**Your task**
Beginning at the line containing "图 1. 研究者提出的机器人学习流程。研究者使用", repeat each line below exactly up to and including the line containing "Prízemie: vstupná chodba, kúpeľňa". Do not repeat the pictures.

**Records to use**
____

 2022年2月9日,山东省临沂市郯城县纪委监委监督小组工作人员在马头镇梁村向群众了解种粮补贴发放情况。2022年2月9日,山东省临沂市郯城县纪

____

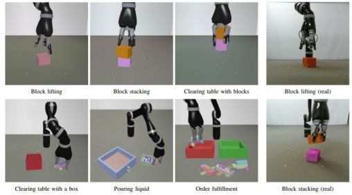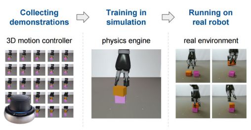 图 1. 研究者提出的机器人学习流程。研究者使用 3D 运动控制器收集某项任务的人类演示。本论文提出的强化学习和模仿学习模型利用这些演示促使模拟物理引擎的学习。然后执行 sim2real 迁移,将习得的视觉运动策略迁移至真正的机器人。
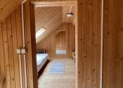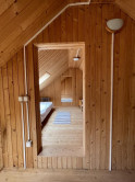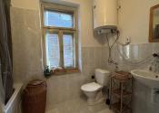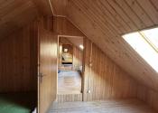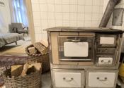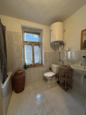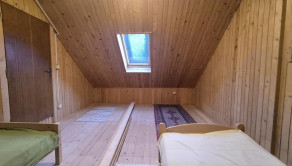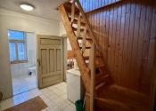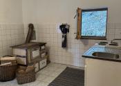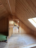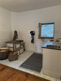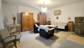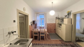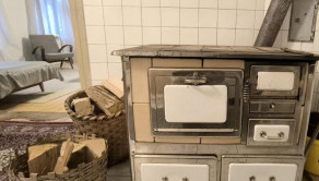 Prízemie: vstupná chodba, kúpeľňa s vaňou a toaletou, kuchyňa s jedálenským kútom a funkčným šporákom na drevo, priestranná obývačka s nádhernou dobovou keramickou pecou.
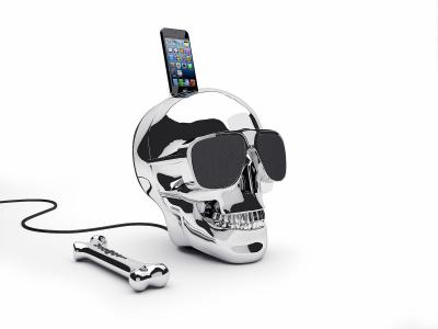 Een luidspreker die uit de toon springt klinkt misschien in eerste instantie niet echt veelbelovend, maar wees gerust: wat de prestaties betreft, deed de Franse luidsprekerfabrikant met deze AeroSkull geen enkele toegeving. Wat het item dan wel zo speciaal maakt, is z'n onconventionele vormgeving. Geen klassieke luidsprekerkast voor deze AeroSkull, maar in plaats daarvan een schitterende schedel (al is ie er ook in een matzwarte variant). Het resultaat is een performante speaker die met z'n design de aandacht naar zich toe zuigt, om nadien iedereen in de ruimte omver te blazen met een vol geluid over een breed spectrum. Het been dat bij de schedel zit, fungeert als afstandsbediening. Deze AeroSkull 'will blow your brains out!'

____

**Result**
 图 1. 研究者提出的机器人学习流程。研究者使用 3D 运动控制器收集某项任务的人类演示。本论文提出的强化学习和模仿学习模型利用这些演示促使模拟物理引擎的学习。然后执行 sim2real 迁移,将习得的视觉运动策略迁移至真正的机器人。
 Prízemie: vstupná chodba, kúpeľňa s vaňou a toaletou, kuchyňa s jedálenským kútom a funkčným šporákom na drevo, priestranná obývačka s nádhernou dobovou keramickou pecou.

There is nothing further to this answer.